Published Dec 2, 2011
HelloM1M1
56 Posts
So I ran into this question:
A charge nurse is providing orientation for a newly licensed nurse regarding the receipt of telephone orders. Which of the following statements by the newly licensed nurse indicates a need for further teaching?
* "I will repeat the telephone order back to the provider."
* "I will ask another nurse to review and sign the telephone order"
* "The telephone order should be directly transcribed into the nurse's notes."
*"The telephone order must be signed by the provider ASAP"
Answer is C, because it should be transcribed on the provider's order sheet in the medical record.

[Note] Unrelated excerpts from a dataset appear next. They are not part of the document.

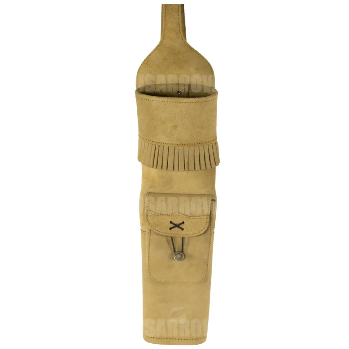 White Feather Water Back quiver is made from split grain leather and metal hardware.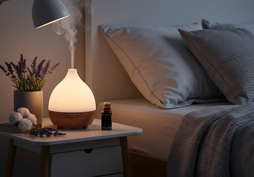 Glowing essential oil diffuser with lavender and chamomile flowers, creating a calming aromatherapy scene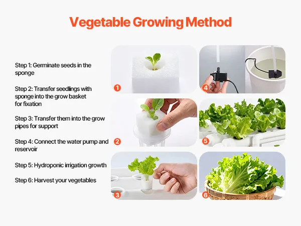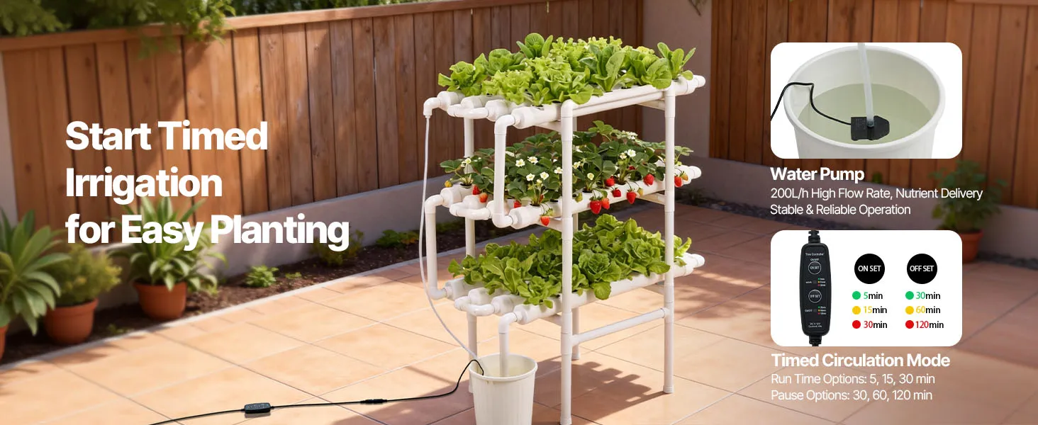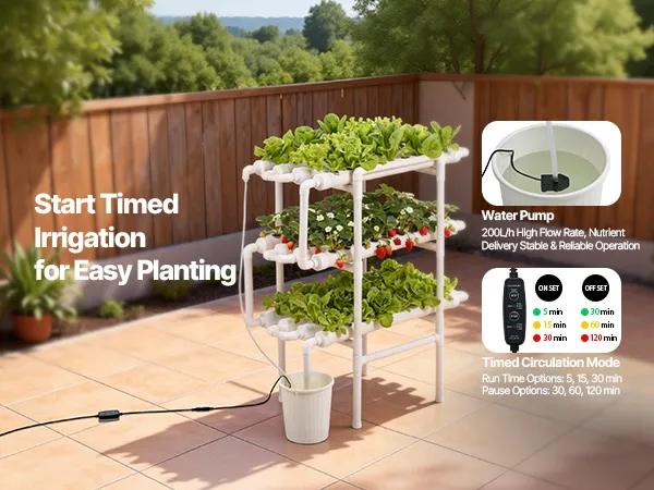 System nawadniania z regulacją czasową: Wyposażony w pompę wodną o mocy 4 W i timer zapewniający efektywną cyrkulację wody, umożliwiając roślinom lepsze wchłanianie składników odżywczych. Zestaw hydroponiczny zawiera 24-godzinny timer, który umożliwia ustawienie automatycznych cykli włączania/wyłączania.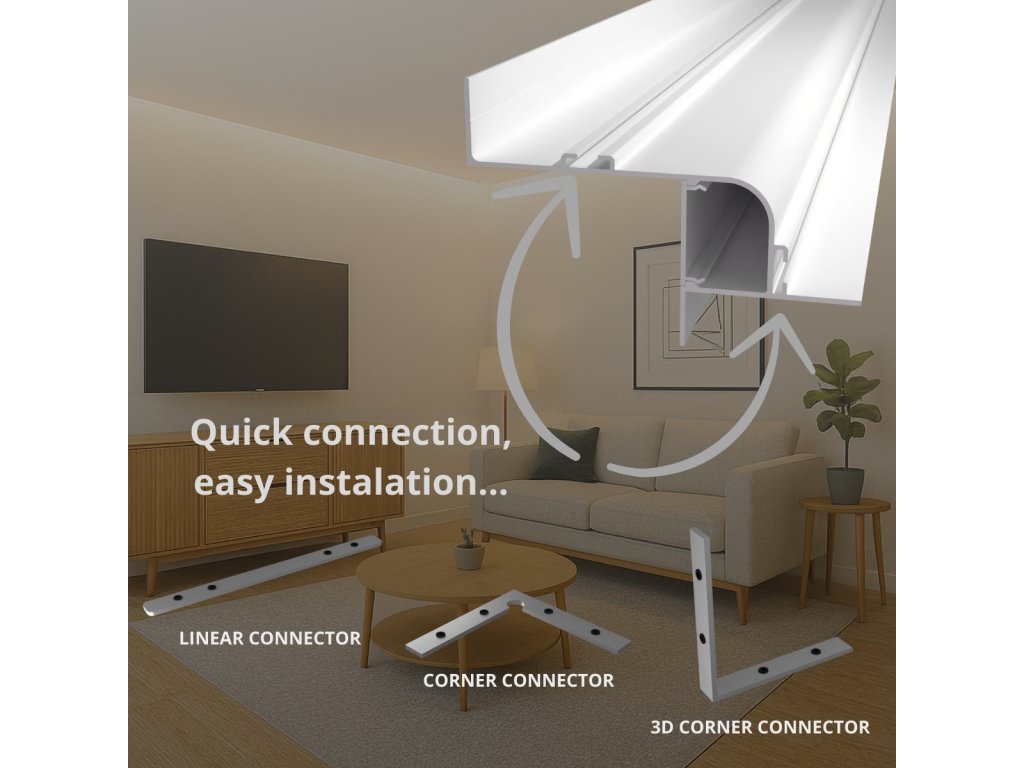 A profil a helyiségek kerülete mentén történő összefüggő, közvetett világítás létrehozására szolgál, ahol a fény finoman keretezi a teret és optikailag növeli azt. Ideális a fal és a gipszkarton mennyezet közötti átmenet kiemelésére, ahol elegáns világítási vonalat hoz létre látható lámpatestek nélkül. Különösen alkalmas lakóterekbe, mint például nappalik, hálószobák vagy előszobák, de szállodákba, irodákba, bemutatótermekbe és más reprezentatív kereskedelmi helyiségekbe is, ahol az építészeti részletekre és az időtlen megjelenésre helyezik a hangsúlyt.

I understand the rationale, however, is that how it really works in the real world? I picked B because I was thinking if I'm the other nurse, I wouldn't sign if I wasn't actually there to hear the conversation on the phone. I guess my question is, in the real world, if you're the other nurse, how would you review and sign something that you didn't physically receive/witness?
Pedsnurze
204 Posts
We do not transcribe orders onto nurses notes thus answer would be C. Belong on Physicians/Doctors
NurseLoveJoy88, ASN, RN
3,959 Posts
Yes the answer is see. We don't do that.
tanyanchlls
50 Posts
how about A.. repeating the order to be certian? as we do in an emergency situation? just a thought
Meriwhen, ASN, BSN, MSN, RN
4 Articles; 7,907 Posts
The question is asking which action she shouldn't do. You ALWAYS repeat the order back, emergency situation or not.
I agree: I would have picked C. The other three make perfect sense as to what to do with verbal/telephone orders, though I guess the 2nd nurse signing it may be a facility-specific thing. But a 2nd nurse should at least review it.